Estimation of leaf area (LA) in plants is considered a critical parameter in many scientific fields such as plant growth, agricultural productivity, ecosystem dynamics, and climate change studies [8–10]. Leaf area is a fundamental growth indicator that directly affects the photosynthetic capacity, transpiration rates, and biomass of the plant [11]. Leaf area is directly related to photosynthetic efficiency and growth rates. Leaf area width determines biomass increase by affecting the light capture capacity and carbon assimilation rates of the plant [12]. Plant parameters such as specific leaf area (SLA) and leaf mass area (LMA) provide information about water use, drought tolerance, and growth rate of the plant [13]. Leaf area is an important indicator for yield estimation and plant health monitoring in agricultural production. Leaf area width can lead to higher crop production by increasing photosynthetic efficiency. Furthermore, accurate calculation of leaf area index (LAI) in plants allows optimization of irrigation and fertilization strategies [14]. Plant water use and evaporation-transpiration processes depend on leaf area. Plants with large leaf areas may lose more water, while species with small leaf areas may be more tolerant of drought conditions.
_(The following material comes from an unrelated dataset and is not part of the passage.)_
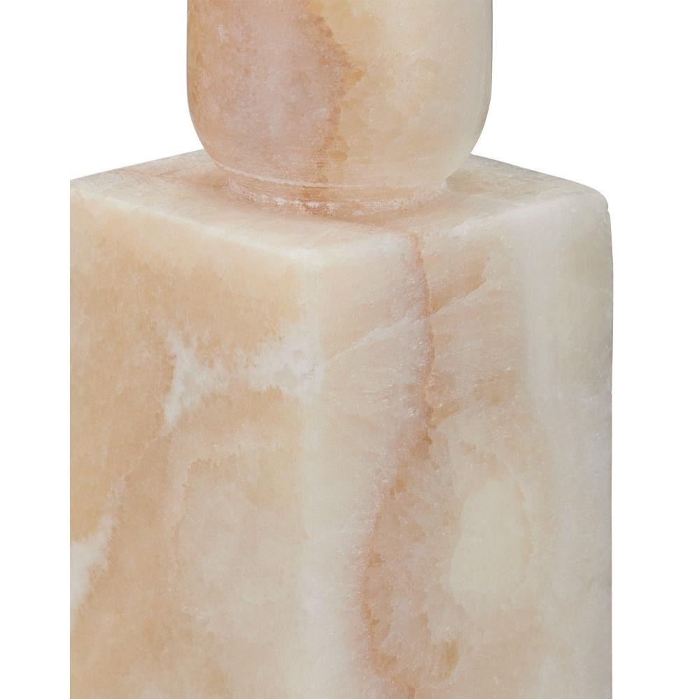 The Lithos Ivory Candle Holder Set includes two candle holders made of a cream onyx. The geometric shapes that compose its profile are enlivened by the natural veining of the stone, making each one unique. The characteristics of this stone bring a warm peachy and cool ivory interplay to their surfaces.

Thus, leaf area measurements are used in planning agricultural irrigation programs and improving water use efficiency [15]. On the other hand, a decrease in leaf area may be a sign of disease, pest infestation, nutrient deficiency, or environmental stresses. Monitoring the change in leaf area over time is an important tool for the early detection of plant diseases and the development of intervention strategies [8]. In ecosystem studies, the leaf area index (LAI) is used to determine how much carbon plants can sequester from the atmosphere and how much biomass they can create through photosynthesis. In forest ecosystems, LAI calculations are a critical variable for modeling the carbon cycle and the effects of climate change [16,17]. Leaf area estimation is a vital variable in many areas such as plant growth, agricultural productivity, water management, plant health, ecosystem dynamics, and precision agriculture practices. Scientific studies show that accurate calculation of leaf area index improves agricultural management, contributes to climate change models, and is critical to understanding ecological processes [18].

In recent years, innovative technologies such as hand-held scanners and laser optical devices have become widely used in leaf area (LA) measurements. Although these advanced technologies offer high accuracy, they are generally preferred for more specialized research rather than basic experiments due to their complex structures and high costs [19]. In contrast, indirect methods offer significant advantages such as lower cost, speed, practicality, and less labor requirement compared with direct measurements. In addition, they are widely used in agricultural research and ecophysiological studies, enabling precise estimations without damaging the plant [20].

Indirect methods are quite valuable for investigating the empirical relationships between leaf area (LA) estimation and leaf dimensions. In particular, lamina dimensions such as leaf length (L) and leaf width (W) are widely used variables in estimating LA [21,22]. Various studies have shown that linear leaf measurements correlate strongly with LA. In this direction, studies have been conducted on leaf area estimation in many fruit trees, such as apple [23–25], pear [26], peach [27], apricot [28], grape [29], strawberry [30], cherry [31], citrus [32], chestnut [33], hazelnut [34], kiwi [35], black walnut [36], walnut [20], and mango [37].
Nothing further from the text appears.